Thanks, Roxy passed away suddenly in our bedroom on the 7th. I am so sorry about Daisy!! We are heart broken, to make things worse, Her Xmas basket of treats was delivered the day She passed away!! The box is still in the living room, it makes me sick to look at it!!


----------



## cubbysan (Mar 13, 2007)

Daddy's Girl,

Time is the best thing for the loss of a pet. Keeping busy. With each dog or cat I have lost, each grief has been different in many ways. Of course the sudden ones are probably the hardest, the one's that I knew the time was coming, I think I started my grief process even before they left me.

I know you have written about getting another puppy, and that has helped me the best. I am the type that can't stand that emptiness in the house, and need a new pet to love as soon as possible. I never felt that I was replacing the one that was gone, but I felt I still had so much love to give. It doesn't take the pain away completely, but it helps a whole lot.


----------



## daddysgirl (Feb 27, 2007)

cubbysan said:


> Daddy's Girl,
> 
> Time is the best thing for the loss of a pet. Keeping busy. With each dog or cat I have lost, each grief has been different in many ways. Of course the sudden ones are probably the hardest, the one's that I knew the time was coming, I think I started my grief process even before they left me.
> 
> I know you have written about getting another puppy, and that has helped me the best. I am the type that can't stand that emptiness in the house, and need a new pet to love as soon as possible. I never felt that I was replacing the one that was gone, but I felt I still had so much love to give. It doesn't take the pain away completely, but it helps a whole lot.


Thank You!! I feel the same, John and I could NEVER replace Rox, but this house is not the same without Her! We do have so much Love to give, I think that Roxy taught us that in Her 11 years!! Live life to the fullest, Show those You Love how much everyday, Sometimes You just need to bask in the sun, and at the end of the day, cuddle up with the one You love!


----------



## Artnlibsmom (May 8, 2013)

This is one of my favorite poems, it speaks of loss, but also of the evolution of love.
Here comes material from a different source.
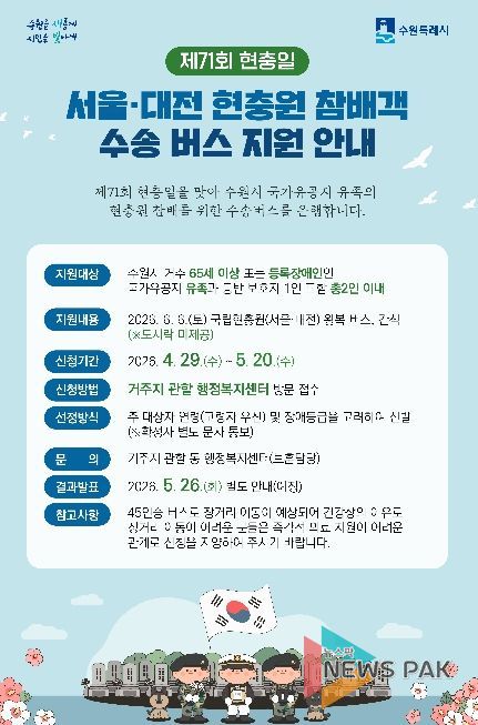 뉴스팍 배상미 기자 | 수원특례시가 제71회 현충일인 6월 6일, 국립현충원(서울·대전)까지 이동이 여의치 않은 국가유공자 유족을 위해 현충원 왕복 수송버스를 운행한다.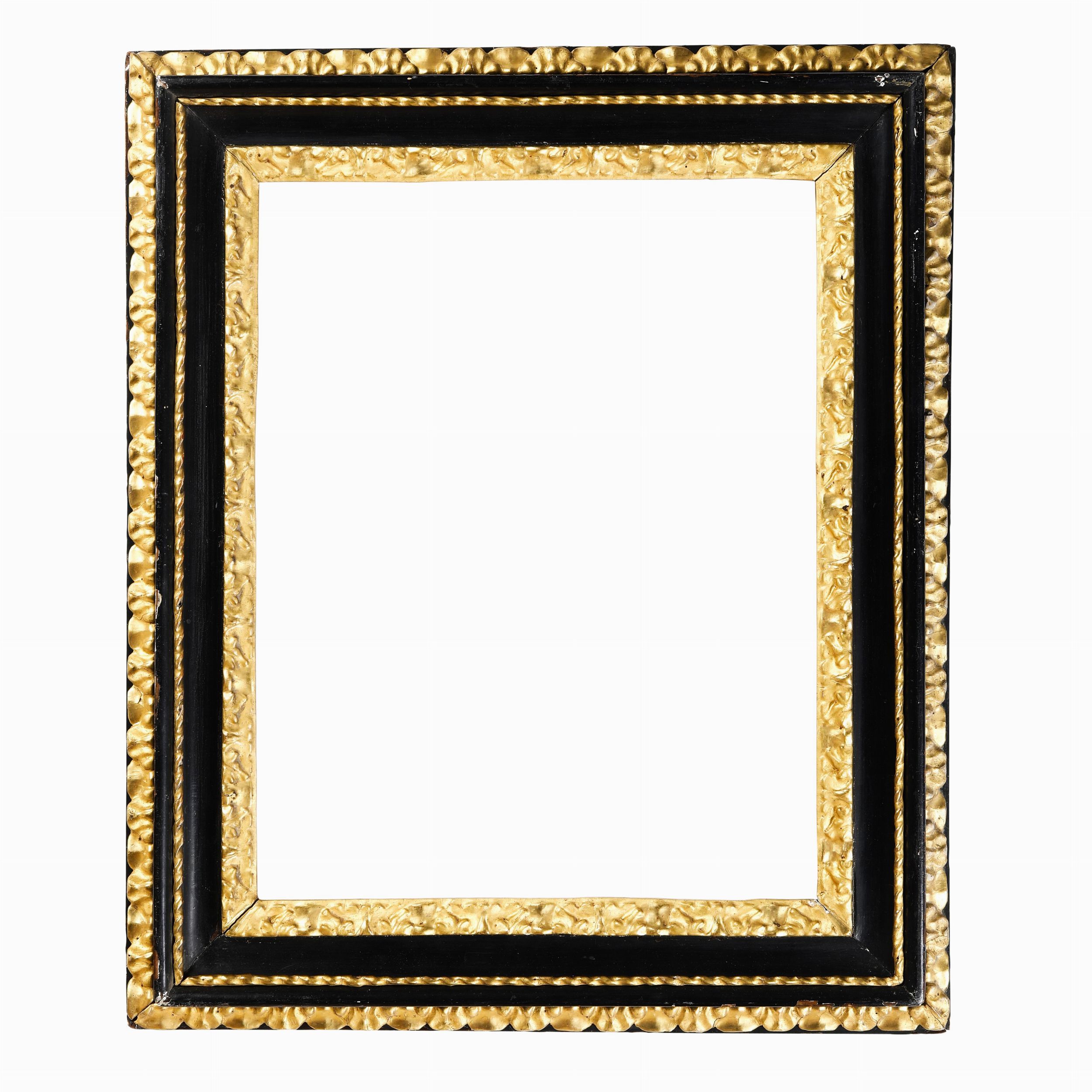 Cornice a sagoma Salvator Rosa ebanizzata e dorata. Italia centrale XVIII secolo

I've always felt that by bringing another soul into my life after losing one, I'm honoring their time with me by passing on another part of my heart (and love) to another. 

“It came to me that every time I lose a dog they take a piece of my heart with them.

And every new dog who comes into my life gifts me with a piece of their heart.

If I live long enough, all the components of my heart will be dog,

and I will become as generous and loving as they are.”

- Anonymous


Sent from Petguide.com Free App


----------



## GoldensGirl (Aug 2, 2010)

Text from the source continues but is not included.